= Protected areas of the Azores =

The Protected Areas of the Azores (Rede Regional de Áreas Protegidas) are the basic administrative-territorial and conservation structures in the archipelago of the Azores and the surrounding oceans. The areas integrate the entirety of the Azores within its Exclusive Economic Zone, as well as the surrounding waters, under the international agreements and conventions. The network realizes the categorization of management for protected areas adopted by the International Union for Conservation of Nature (IUCN), adapting it to the specific geographical, environmental, cultural and political-administrative territory of the archipelago.

==History==
The first legal document identified to create a protected area in the Azores, was Decree 78/72 (7 March 1972), which created the Reserva Integral da Caldeira do Faial (Integrated Reserve of the Faial Caldera), which was closely followed by Decree 79/72 (8 March 1972), that established the Reserva Integral da Montanha da ilha do Pico (Integrated Reserve of the Mountain of the Island of Pico). After a hiatus of two years, Decree 152/74 (15 April 1974) was published that created on the island of São Miguel the Reserva da Lagoa do Fogo (Reserve of Lagoa do Fogo), which was subject to forestry service guidelines along its perimeter. These regulatory frameworks were in keeping with those establishing the National Park of Peneda-Gêres and other national reserves, resulting from the application of Decree 9/70 (19 June 1970) These laws, approved under the juridic regime of the Estado Novo government, occurred at a time when the Azores did not have its own political autonomy statute, and were the only interventions made by the central government in the protection of areas in the Azores.

The first regional/local measures to protect the environment were introduced by Regional Decree 12/77/A (14 June 1977), which established measures to protect the lakes, ravines and springs in the archipelago.
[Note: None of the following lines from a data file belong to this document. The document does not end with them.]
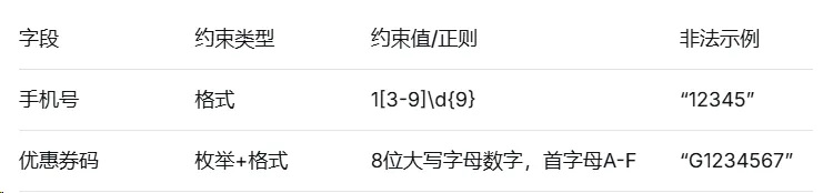 - 数值边界:金额最小值/最大值/步长/临界点(如满减门槛前后)
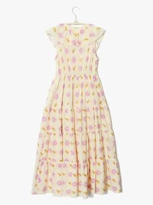 Tatiana is new this season in a cotton gauze ikat print. This tiered midi dress has a ruffled V-neck, an elasticized waist, and side seam pockets.
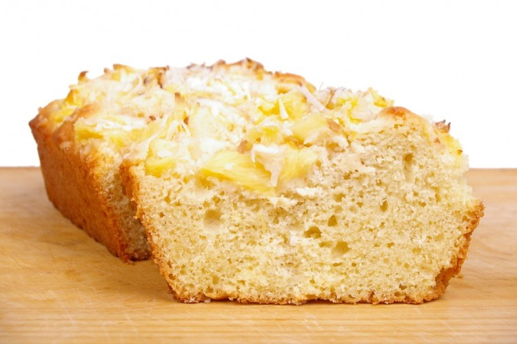 - اسكبي المزيج داخل القالب، ثم وزعي شرائح الأناناس على الوجه ورشي جوز الهند الطازج.
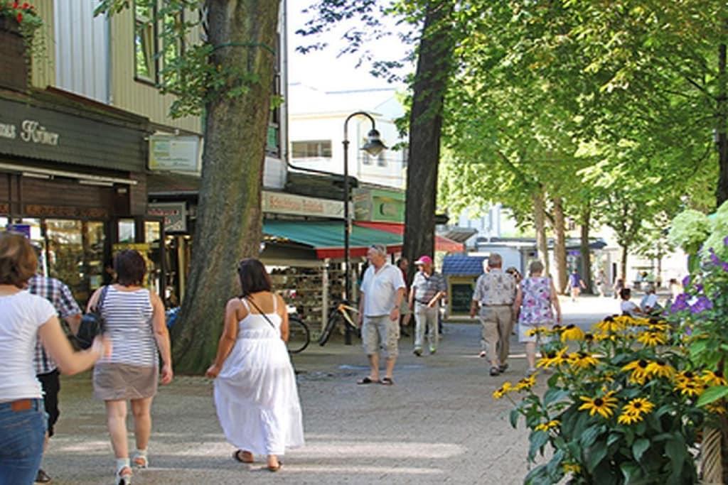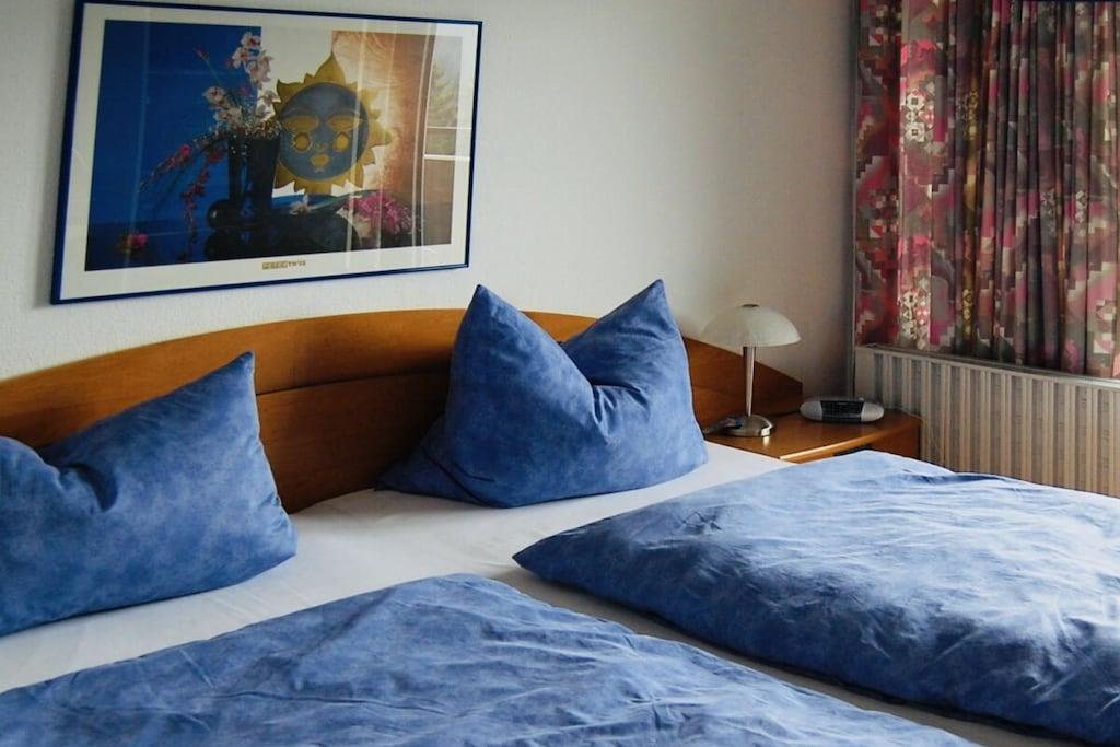 Unsere Ferienwohnung ist sehr ruhig und doch zentral gelegen. Sie ist 52 qm groß und mit Wohn-, Schlafzimmer sowie Bad und großer Terrasse hell, modern und zugleich gemütlich eingerichtet. Platz ist für 2 - 3 Personen. Das Wohnzimmer besticht durch eine komfortable Sitzgruppe sowie weitere Annehmlichkeiten wie Kabel-TV, DVD-Player und eine Stereoanlage. Angegliedert finden Sie den voll ausgestatteten Küchenbereich mit Einbauküche (Geschirrspüler, Backofen, vier Cerankochfeldern) und gemütlicher Essecke. Der große Balkon bietet Ihnen aus der 6. Etage einen herrlichen Blick auf den Burgberg mit seiner Seilbahn und die umliegenden Wälder. Von der Ferienwohnung aus können Sie mit dem Aufzug im Bademantel zum großzügigen (10 m x 20 m) Hallenschwimmbad gelangen. Das Wasser ist wohltuend auf 28° temperiert. Angeschlossen finden Sie einen Fitnessraum sowie einen Saunabereich mit Finn- (85°) und Kräutersauna (65°) und einen großen Ruheraum. Die Nutzung des Freizeitbereiches ist, soweit geöffnet, täglich möglich und für unsere Gäste kostenfrei.
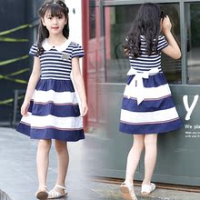 儿童装8女童连衣裙夏装9条纹长裙子10中大童装12-14岁学生公主裙
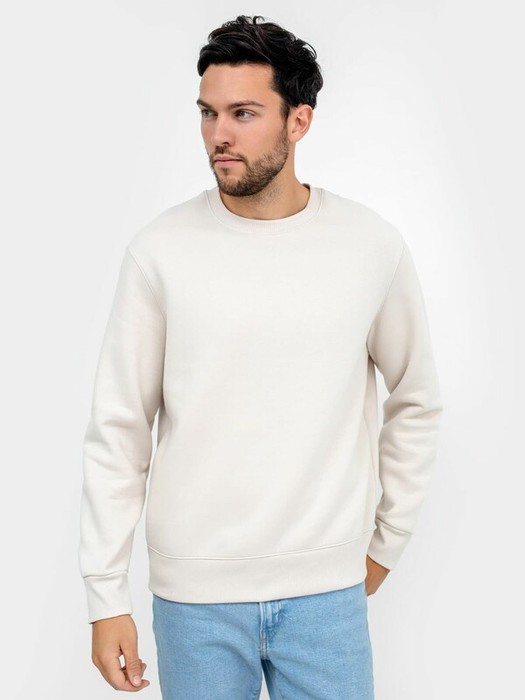 Джемпер из трикотажного футера с теплым подчесом. Длина до середины бедер, силуэт прямой. Линия плеча спущена. Рукава длинные, с притачными манжетами.  Горловина круглой формы. Отличный выриант для стильных городских образов!

The document, which was a pioneer at the time, included several rules to protect the environment and retroactively included older measures. The creation of the first protected area under this new regime established the Protected Landscape of Monte da Guia., and the first nature reserve, the Reserva Natural da Lagoa do Fogo (Nature Reserve of Lagoa do Fogo) under Regional Decree 10/82/A (18 June 1982), while the caldera on Faial and the mountain of Pico were reclassified.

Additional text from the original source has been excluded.